Anticipation des difficultés :
– Le genre humain homme/femme n’est qu’une représentation grammaticale particulière. En effet, le genre grammaticale appartient à la langue et est arbitraire : une table n’est pas une femme. Attention donc à ne pas aborder la notion de genre par du tri sur un corpus de métiers par exemple ou d’utiliser des pictogramme d’hommes et de femmes pour induire ce type de tri.
– Le nombre peut aussi n’avoir qu’une expression grammaticale, c’est-à-dire avec des répercussions morphologiques sur les mots environnants (par ex. le singulier) en exprimant pourtant parfois une quantité : « un duo », « du sable », « une fourmilière ».
Le genre et le nombre sont des notions utiles à l’orthographe, et se jouent parfois de la représentation réelle.
– Le nombre est porté par le déterminant, et non pas par les mots proches : « un gâteau aux pommes » est du singulier même si « pommes » est au pluriel.
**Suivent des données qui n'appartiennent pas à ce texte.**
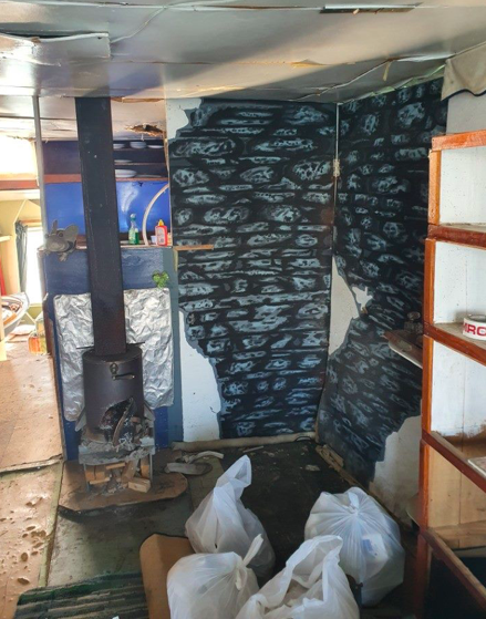 Seeing her last week from the Pakiranga high bridge, it seam that the front half of the cabin is missing.

– l’élision  » l’  » ne donne pas directement d’indication sur le genre. On peut alors trouver une autre façon de dire, c’est-à-dire en utilisant un autre déterminant (un ou une) pour identifier le genre.
– un objet très grand peut-être au singulier : une planète.
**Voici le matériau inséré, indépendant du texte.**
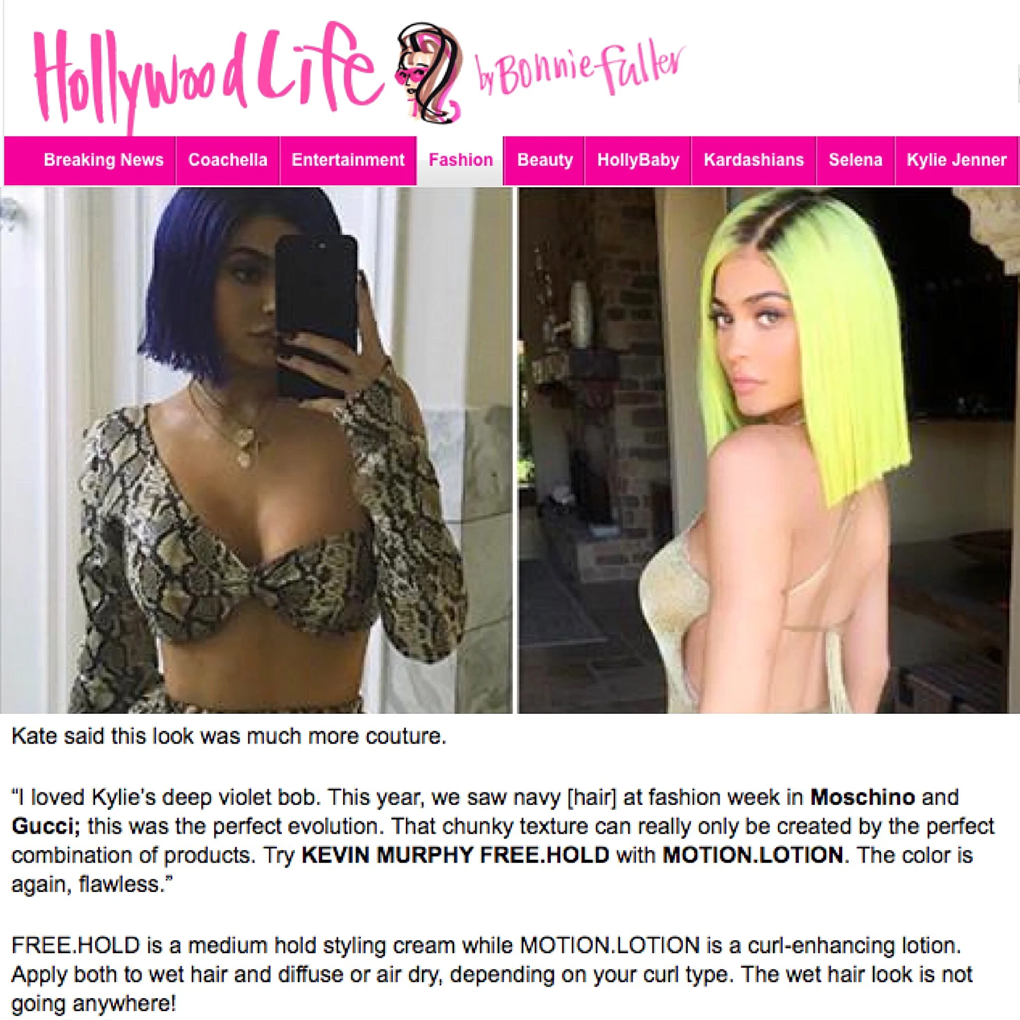 “I loved Kylie’s deep violet bob. This year, we saw navy [hair] at fashion week in Moschino and Gucci; this was the perfect evolution. That chunky texture can really only be created by the perfect combination of products. Try KEVIN MURPHY FREE.HOLD with MOTION.LOTION. The color is again, flawless.”

– un objet unique (au niveau du sens) peut-être au pluriel : « tes lunettes ».
– au contraire, un objet qui est double dans la réalité peut-être au singulier : « une paire de chaussures ».
– les concepts au aussi un genre et un nombre : « plusieurs idées ».
– l’évocation d’une grande quantité peut-être au singulier : « de la neige ».


Aides possibles :
– Guider les tris de façon plus explicite : un seul ou plusieurs, pour les tris sur le nombre. Attention cependant à ne pas en faire une règle par la suite, pour comprendre la subtilité d’une « fourmilière » par exemple.
– Guider les observations vers les déterminants.
– Lors des transpositions du pluriel au singulier, faire décrire les marques du pluriel, elles seront plus facile à supprimer ensuite.
– Lors des transpositions du singulier au pluriel, faire anticiper les mots sur lesquels vont porter les changements : va-t-on simplement ajouter une marque du pluriel et/ou changer un déterminant aussi.
– Faire des analogie par exemple entre la fourmilière et la maison des fourmis, maison étant plus simple à identifier comme singulier pouvant dans le réel regrouper plusieurs éléments.